Thursday, 5 September 2013

Day 13: Cape Maclear

A sunlounger and a book. That was basically our day.
There aren't many tourists around in Cape Maclear and each lodge only seems to have four to six rooms, but you can tell that we are in tourist central Malawi style. As we went to bed last night there was a disco blaring, but I luckily managed to drop off without too many problems waking around 6am.

We headed for breakfast around 9am and I was served a huge pot of tea that took me over an hour to drink. Ed and I both read our books until gone midday, only rising to look at the view or to change between the sun lounger and hammock.

It was a blissfully relaxing morning. The most energetic thing I did was to text Becks.

Building works in Cape Maclear

We raised ourselves for a walk around 12:30. We headed west through the town and I was amazed how many curio sellers there were compared with the number of tourists in town.  Thankfully we didn't get too badly hassled. There are more persistent touts on the beach, but the lodges seem to have it quite well organised and non of the touts come onto the properties.
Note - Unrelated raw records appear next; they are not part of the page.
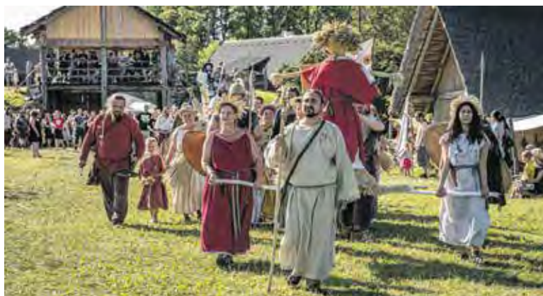
PROJĎTE branou oppida a poznejte svět obyvatel starověké Evropy. Seznamte se s Keltů, Germány a Římany ze všech koutů Evropy a objevte jejich obydlí, starodávná řemesla i zbraně.

vše můžete zažít během dvoudenní akce 26. a 27. července. Téma nové trilogie festivalu nese název Čas králů a královen a bude vás provázet celým festivalem. Přenesete se do různých
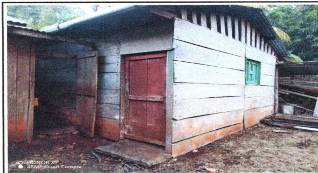
Foto 3: Se observa el mal estado de la puerta, tambien el deterioro del techo modulo 2 de la cocina
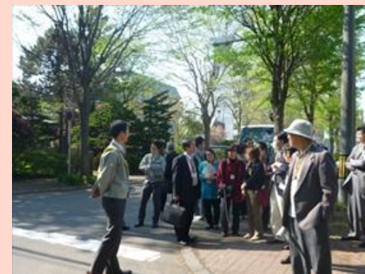
非優先道路の様子
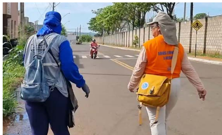
Agentes de saúde durante ação do Manejo Ambiental no Combate ao Aedes, em Jataí

O foco da campanha, segundo a secretaria da saúde, é recolher potenciais criadouros do mosquito Aedes. Portanto, materiais como entulhos de construção, telhas e folhas não fazem parte desse esforço. A destinação correta desses resíduos é de responsabilidade dos moradores, podendo ser descartados nos ecopontos da cidade.
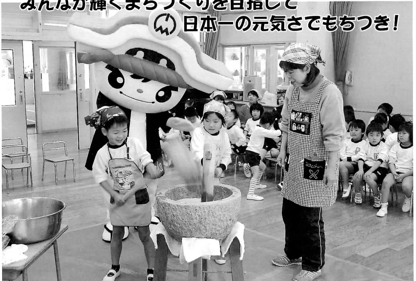
▶ただお課長も参加(東忠岡保育所)
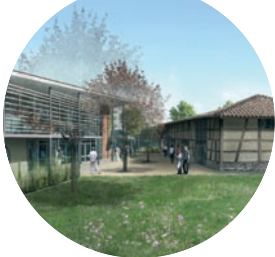
Principal investissement 2008/2009 : le futur pôle socioculturel.
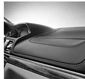
Instrumententafeloberteil in Leder Nappa (U09)
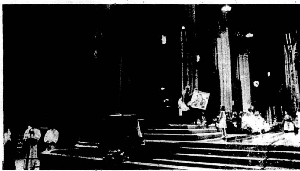
Кардинал Дж. О'Коннор приймає картини Початкової Божої Матері
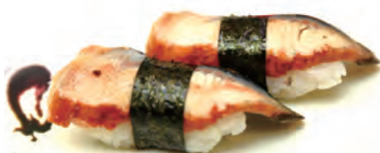
28. UNAGI anguilla
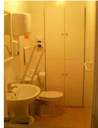
Imágenes de algunos de los servicios que ofrece el recurso
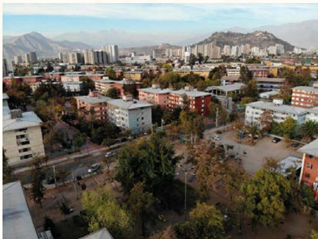
Vista aérea Población Juan Antonio Ríos.
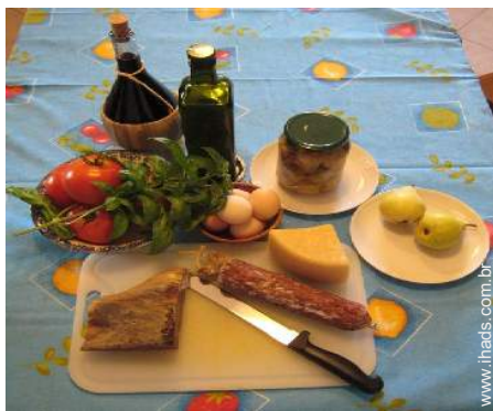
caves e provas de vinho
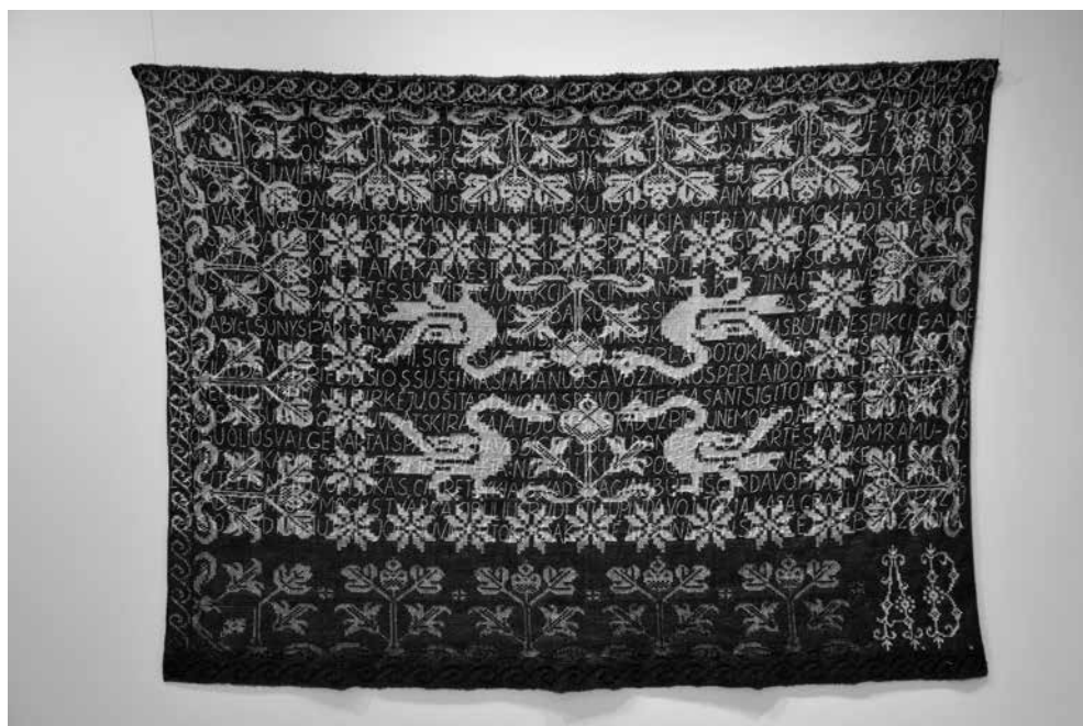
J. PETRUŠKEVIČIENĖ. Dzūkiška istorija , 2013. Sena lovatiesė, metalizuoti siūlai, siuvinėjimas, 140 × 190
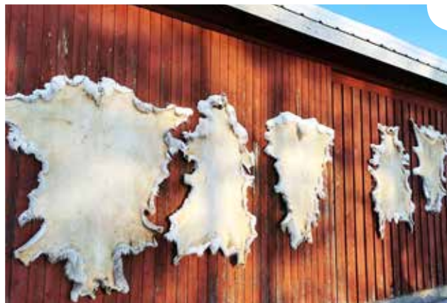
Ilmakuivattuja porontaljoja seinällä.

Jos taljaan on jäänyt teurastuksessa lihan, rasvan ja kalvon jäänteitä, ne tulisi poistaa. Suotuisissa olo-
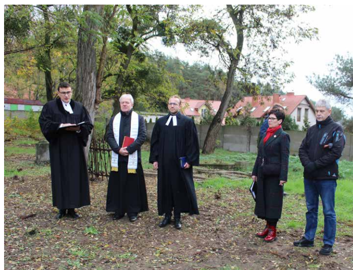
Wspólnej modlitwie przewodniczyli przedstawiciele dwóch Kościołów.

roku podjąć wspólne prace na najliczniejszym pod względem ilości grobów cmentarzu przy ul. Smolarki. Pozostałe nekropolie są mniejsze i jest tam też mniej prac do wykonania. W lutym 2022 roku odezwał się do mnie członek Stowarzyszenia Wielkopolskiej Grupy Eksploracyjno - Historycznej „Gniazdo”, zainteresowany też pracami na tym cmentarzu. Pierwsze prace wykonano 20 marca, a brali w nich udział członkowie „Gniazda” i grupy detektorystyczno - historycznej SWARÓG. Przez ten czas wielokrotnie zbierali się członkowie grupy SWARÓG i pracowali przy

Hitting the western end of town and not finding an internet café we turned round and headed to the Fat Monkeys, the most easterly lodge in the village. We were hoping to find a wifi connection and to get a drink. We mananged to get a drink.

Sunset over Lake Malawi
While we were having lunch we got chatting to a 23 year old English guy from High Wycombe. He has been travelling for the last sixteen months and has another eight months to go before arriving back in the UK. He started by driving the length of the Americas on a motorbike and is now cycling from South Africa to Trafalgar Square. While we were talking I worked out he was the guy that we saw on the day we travelled from South Luangwa to Blantyr.

Around 3pm we walked back up the beach to our lodge to read and lie on the sun loungers. It was a hard day.

Washing clothes by the lake shore
We stopped reading around 5pm to take in the amazing sunset over Lake Malawi. There were kids playing on the beach, locals crowding round a fishing boat that has just come ashore and a sky that was slowly turning red. We drank beer and took photos of the sun setting.

After the sun had set we walked up the beach to a restaurant called Banapaya. There was a powercut in the village, the first we'd experienced during our trip, and the restaurant was lit by candles. For most of our time in the restaurant we were the only customer and the food took an hour to arrive (which seems to be about usual). The staff seemed genuinely pleased to see us and wanted to make sure we were happy which was nice.

After dinner we walked back down to our lodge, had a final beer and turned into bed at 9:15pm.

It was the most fantastically relaxing day, with gorgeous views as a back drop. You couldn't really ask for more.